Met Opera presents ‘La Boheme’ |

Met Opera presents ‘La Boheme’

Elmer Koneman
Special to the Daily
Puccini's oprera, 'La Boheme,' will be showing in Breckenridge on Saturday at 10:30 a.m.
Special to the Daily |

Puccini’s opera, “La Boheme,” will be the next Metropolitan HD broadcast at Colorado Mountain College, Breckenridge, on Saturday, Feb. 24. Note the earlier opening schedule at 10:30 a.m.

The story of “La Boheme” is based on an early 19th-century novel by Henry Merger, relating his own experience as a desperately poor writer living in a Parisian attic. Puccini’s opera version is a vocal and instrumental masterpiece, suitable for inviting anyone new to the scene. With its world premier in Turin, Italy, in 1896, it has been the most frequently performed opera on the Metropolitan Opera stage, there being over 500 performances since its opening in the year 1900. Current reviews in the New York Times describe Franco Zeffirelli’s current production as “a masterpiece of emotional manipulation” and “theatrical and inventive.”

Act I opens in the study of the poor poet Rodolfo (performed by tenor Michael Fabriano) in discussion with his friend Marcello (performed by baritone Lucas Mekachem) along with several invited artists, including land owner Benolt (performed by bass Paul Plushka) in search of overdue rent. After they leave, Rodolfo is interrupted by a knock on the door.

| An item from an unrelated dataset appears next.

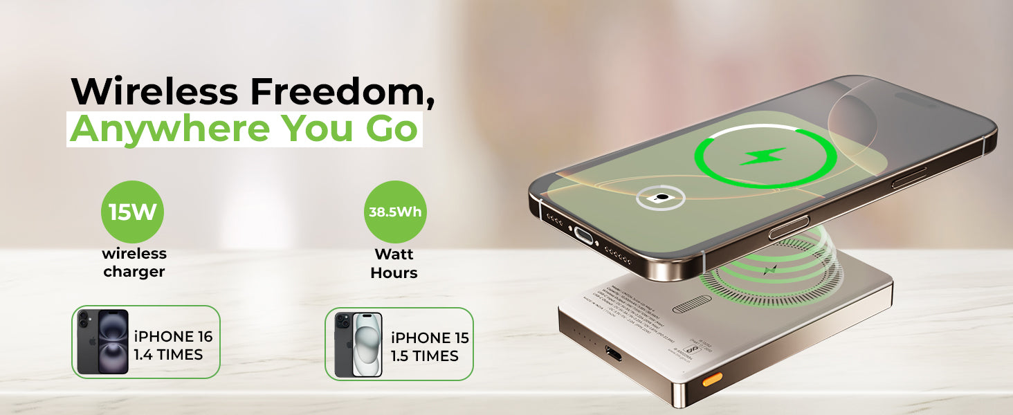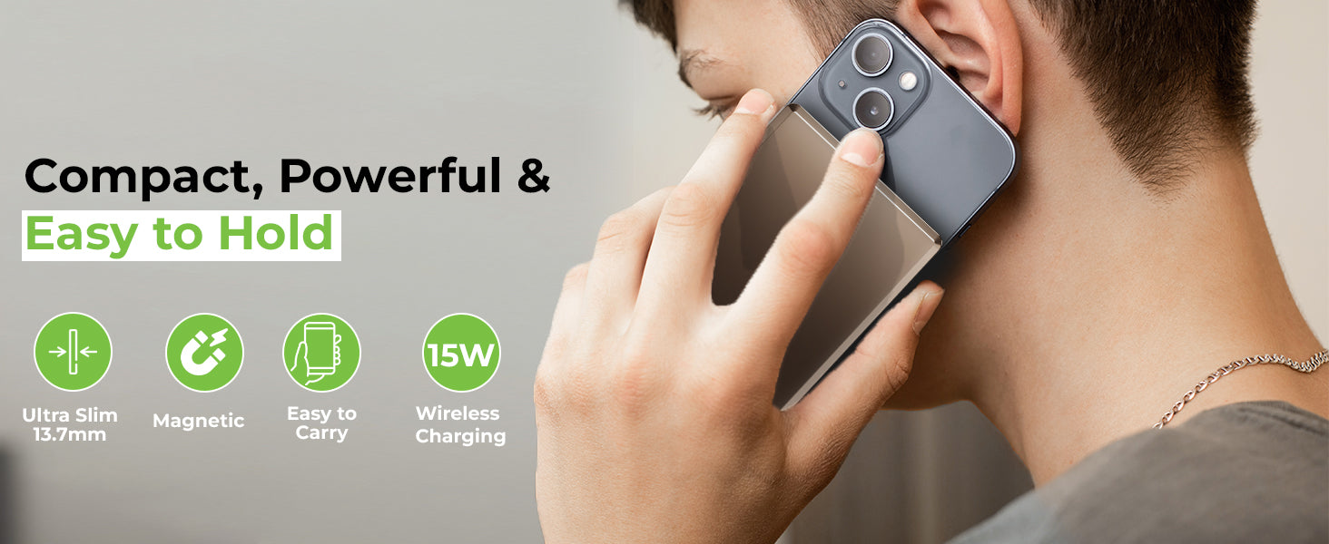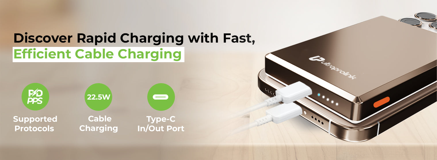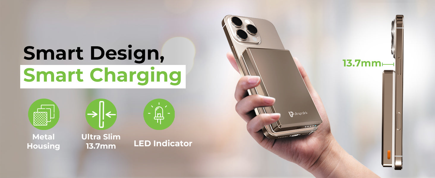 Elevate your wireless charging game with UltraProlink Juice-Up Mag 4, the ultimate Sleek Wireless Magnetic Power Bank for your new iPhone. With a 10000mAh capacity and 22.5W Type-C output, it supports PD & PPS protocols via cable charging & 15W wireless charging, ensuring rapid, efficient charging. 15W Mag-Safe compatibility for iPhone 16,15,14,13,12, and wireless charging for other devices like Samsung, OnePlus, and Google Pixel, make it incredibly versatile. Its ultra-Slim design (13.7mm) includes a premium brushed aluminium metal body, while the LED display keeps you informed of your power status. Portable and powerful, it’s perfect for on-the-go use. Proudly Made in India, this compact powerhouse comes with a 6-month warranty, ensuring quality and satisfaction. Charge your iPhone from 0% to 50% battery in 30 mins.

A lovely young woman, Mimi (performed by soprano Sonya Yoncheva), enters the room. Rodolfo notices her sickly appearance and assists her from fainting, as she loses her key. While both are searching, Rodolfo finding the key and puts it into his pocket. He takes Mimi’s cold hand while singing a love aria, “Che gelida manina,” which translates to ”What a cold little hand.” Mimi introduces herself with the famous aria “Mi chiamano Mimi” (“They call me Mimi”). They then depart out the door singing on their way to the Café Mamus.

Act II is a choral gathering of café vendors and shoppers at the Café Mamus. Soon appearing is the pretty, flirtatious young woman, Musetta (performed by soprano Susanna Phillips), who in time sings the famous aria “Musetta’s Waltz,” bragging how men admire her wherever she goes, and finally falls into Marcello’s embrace.

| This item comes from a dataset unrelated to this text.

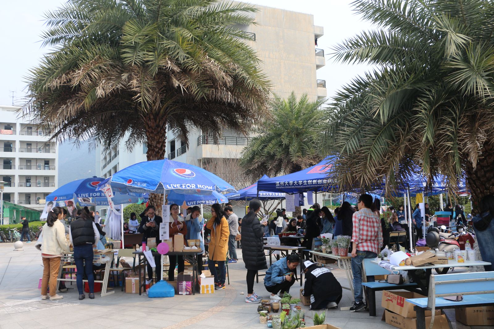 在准备好繁琐的前期工作后,44组摊位很快各就各位,整理好了自己的摊位。万事俱备,只欠东风。热闹的活动气氛很快就成功地引起了过往同学们的注意,越来越多的同学前来参观选购,跳蚤市场熙熙攘攘,热闹非凡。

Act III is in the city outskirts. After conversations with Marcello and Musetta, Rodolfo and Mimi decide to depart without bitterness, as their mutual poor status precludes future marriage. Act IV is several months later at a small gathering in Rodolfo’s study. Mimi, sick and weak is brought in by Musetta. In a final aria expressing her undying love for Rodolfo, Mimi experiences sudden death. In desolation, as the opera ends, Rodolfo cries out her name.

“La Boheme” can stake its claim as the world’s most popular opera. The music with orchestral timing, conducted by Marco Armiliato, is lilting throughout. The many melodious and heartfelt arias, reaching the souls of those attending, goes beyond being mere entertainment. “La Boheme,” revealing the depiction of the joys and sorrows of love and loss, has the marvelous ability to make a powerful first impression and perhaps bring back personal memories among many of those in attendance.

Those attending are requested to bring their own intermission lunches. Coffee, tea, and fruit juices will be provided.